TASK REQUIREMENTS
When you transcribe the listing, keep each line exact and drop the pictures.

RAW DATA
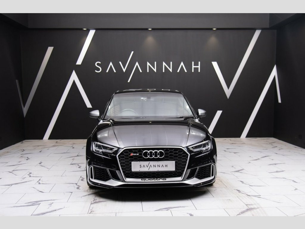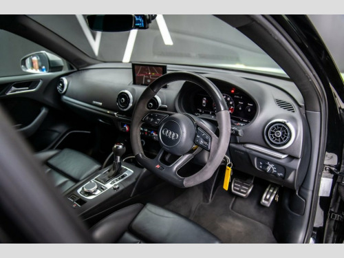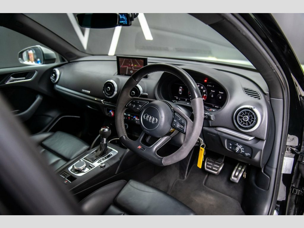 AUDI RS3 2.5 TFSI Saloon 4dr Petrol S Tronic quattro Euro 6 (s/s) (400 ps) — A breathtaking blend of aggressive performance and refined sophistication, presented in stunning Mythos Black with Matt Aluminium accents and 19" 5-Arm Blade Design alloy wheels that perfectly complement its RS body styling and red RS-branded brake calipers. This RS3 has been tastefully enhanced with an MRC Stage 2 tune featuring switchable maps, MTC intercooler, MTC intake pipe and elbow, Scorpion downpipe, and a K&N panel filter, delivering heightened performance while maintaining everyday usability. Recent maintenance includes a gearbox service, Haldex pump replacement, new plugs, coil packs (June 2025), and brand-new Brembo discs and pads with fewer than 100 miles of use, underlining its impeccable mechanical condition. The interior exudes sporting luxury with RS-embossed Fine Nappa Leather sports seats in black with Rock Grey stitching, complemented by Aluminium interior elements, brushed stainless-steel pedals, and illuminated RS door sills. A flat-bottom RS leather and Alcantara steering wheel with contrast stitching and gear shift paddles amplifies driver connection, while technology such as Audi Virtual Cockpit with RS-specific display, MMI Navigation Plus with MMI Touch, Audi Smartphone Interface, and Audi Sound System delivers a cutting-edge driving experience. Practical features include dual-zone climate control, heated front seats, LED headlights with dynamic rear indicato Comfort and Sound Package, 19in Alloy Wheels - 5-Arm Blade Design i, MRC Stage 2 with Switchable Maps (Previo, MTC Intercooler, K&N Panel, MTC Intake Pipe and Elbow, Scorpion Downpipe, PS4S Tyres, Recent Gearbox Service, Haldex Serviced & New Pump Replaceme, New Plugs and Coil Packs (June 2025), New Brembo Discs and Pads (Less than 100, Brake Calipers Painted in Red with RS Lo, Tyre Pressure Monitoring System, Fine Nappa Leather - RS Embossed Sports , Mythos Black, 19in Alloy Wheels - 5-Arm Blade Design, 2 x USB Charging Ports and 1 x AUX-IN, 6-Airbag System with Knee Airbag for Dri, Aluminium Interior Elements, Anti Theft Locking Wheel Bolts, Anti-Theft Alarm, Audi Beam, Audi Connec
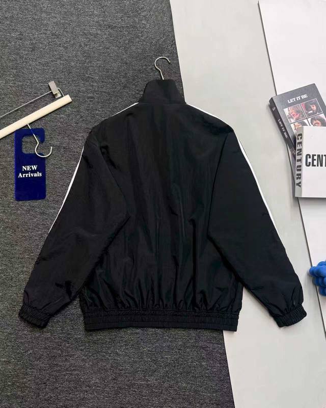 No.: Ka2283. Original replica, top quality, compare freely! Available in Taobao and physical stores!! Fully customized accessories, custom woven fabric, original mold printing, soft and comfortable fabric without being bulky. The original cut and design of the entire garment is very unique. The stand-up collar jacket style is super cool. The classic embroidered logo on the chest complements the solid color, simple yet sophisticated. There are pockets on both sides of the hem, a custom zipper with the trefoil logo, and raglan sleeves for a retro feel. Unisex style, versatile and easy to match! Color: Black Sizes: S-XL Length: 68/70/72/74 Chest: 124/128/132 Shoulder Width: 54/55/56/57 Sleeve Length: 60/61/62/63
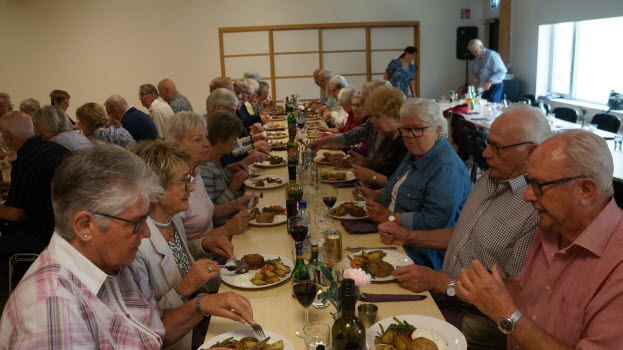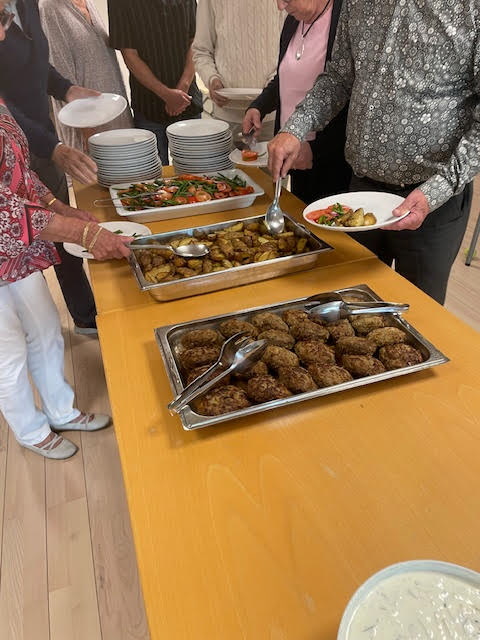 Efter en stunds god underhållning bjöds det på en härlig meny bestående av grekisk pannbiff, tzatziki och klyftpotatis. Visst låter det gott och så var det! Härliga smaker och kryddor och till detta en god dryck. Kaffe på maten som vanligt och med ett lotteri som bjöd på många glada vinnare.
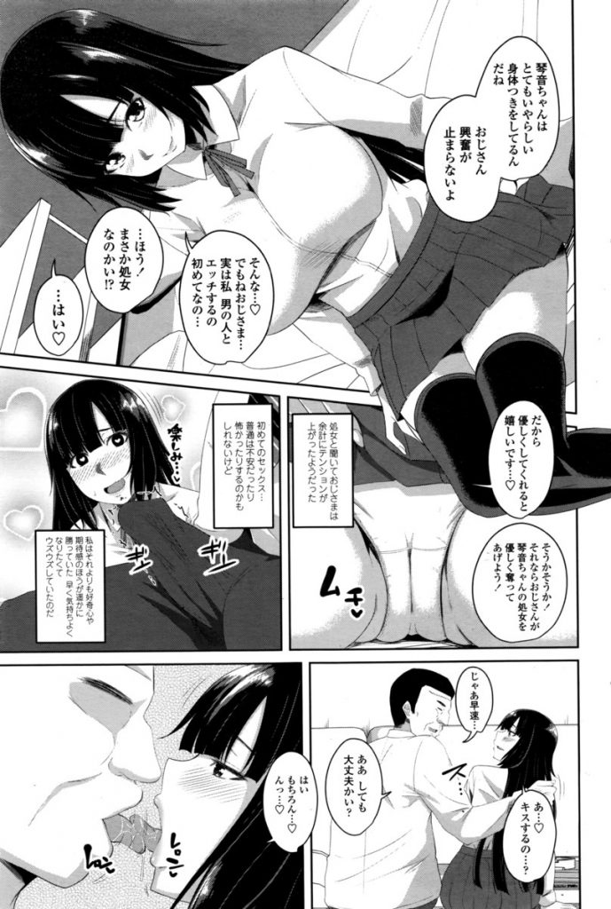 | 【2話】【エロ漫画】オナニーに嵌り性交に興味を持った黒髪JKがおじさんをホテルに誘い初体験を終えると念願の生ハメ中出しを敢行!(Now) |

ANSWER SECTION
 AUDI RS3 2.5 TFSI Saloon 4dr Petrol S Tronic quattro Euro 6 (s/s) (400 ps) — A breathtaking blend of aggressive performance and refined sophistication, presented in stunning Mythos Black with Matt Aluminium accents and 19" 5-Arm Blade Design alloy wheels that perfectly complement its RS body styling and red RS-branded brake calipers. This RS3 has been tastefully enhanced with an MRC Stage 2 tune featuring switchable maps, MTC intercooler, MTC intake pipe and elbow, Scorpion downpipe, and a K&N panel filter, delivering heightened performance while maintaining everyday usability. Recent maintenance includes a gearbox service, Haldex pump replacement, new plugs, coil packs (June 2025), and brand-new Brembo discs and pads with fewer than 100 miles of use, underlining its impeccable mechanical condition. The interior exudes sporting luxury with RS-embossed Fine Nappa Leather sports seats in black with Rock Grey stitching, complemented by Aluminium interior elements, brushed stainless-steel pedals, and illuminated RS door sills. A flat-bottom RS leather and Alcantara steering wheel with contrast stitching and gear shift paddles amplifies driver connection, while technology such as Audi Virtual Cockpit with RS-specific display, MMI Navigation Plus with MMI Touch, Audi Smartphone Interface, and Audi Sound System delivers a cutting-edge driving experience. Practical features include dual-zone climate control, heated front seats, LED headlights with dynamic rear indicato Comfort and Sound Package, 19in Alloy Wheels - 5-Arm Blade Design i, MRC Stage 2 with Switchable Maps (Previo, MTC Intercooler, K&N Panel, MTC Intake Pipe and Elbow, Scorpion Downpipe, PS4S Tyres, Recent Gearbox Service, Haldex Serviced & New Pump Replaceme, New Plugs and Coil Packs (June 2025), New Brembo Discs and Pads (Less than 100, Brake Calipers Painted in Red with RS Lo, Tyre Pressure Monitoring System, Fine Nappa Leather - RS Embossed Sports , Mythos Black, 19in Alloy Wheels - 5-Arm Blade Design, 2 x USB Charging Ports and 1 x AUX-IN, 6-Airbag System with Knee Airbag for Dri, Aluminium Interior Elements, Anti Theft Locking Wheel Bolts, Anti-Theft Alarm, Audi Beam, Audi Connec
 No.: Ka2283. Original replica, top quality, compare freely! Available in Taobao and physical stores!! Fully customized accessories, custom woven fabric, original mold printing, soft and comfortable fabric without being bulky. The original cut and design of the entire garment is very unique. The stand-up collar jacket style is super cool. The classic embroidered logo on the chest complements the solid color, simple yet sophisticated. There are pockets on both sides of the hem, a custom zipper with the trefoil logo, and raglan sleeves for a retro feel. Unisex style, versatile and easy to match! Color: Black Sizes: S-XL Length: 68/70/72/74 Chest: 124/128/132 Shoulder Width: 54/55/56/57 Sleeve Length: 60/61/62/63
 Efter en stunds god underhållning bjöds det på en härlig meny bestående av grekisk pannbiff, tzatziki och klyftpotatis. Visst låter det gott och så var det! Härliga smaker och kryddor och till detta en god dryck. Kaffe på maten som vanligt och med ett lotteri som bjöd på många glada vinnare.
 | 【2話】【エロ漫画】オナニーに嵌り性交に興味を持った黒髪JKがおじさんをホテルに誘い初体験を終えると念願の生ハメ中出しを敢行!(Now) |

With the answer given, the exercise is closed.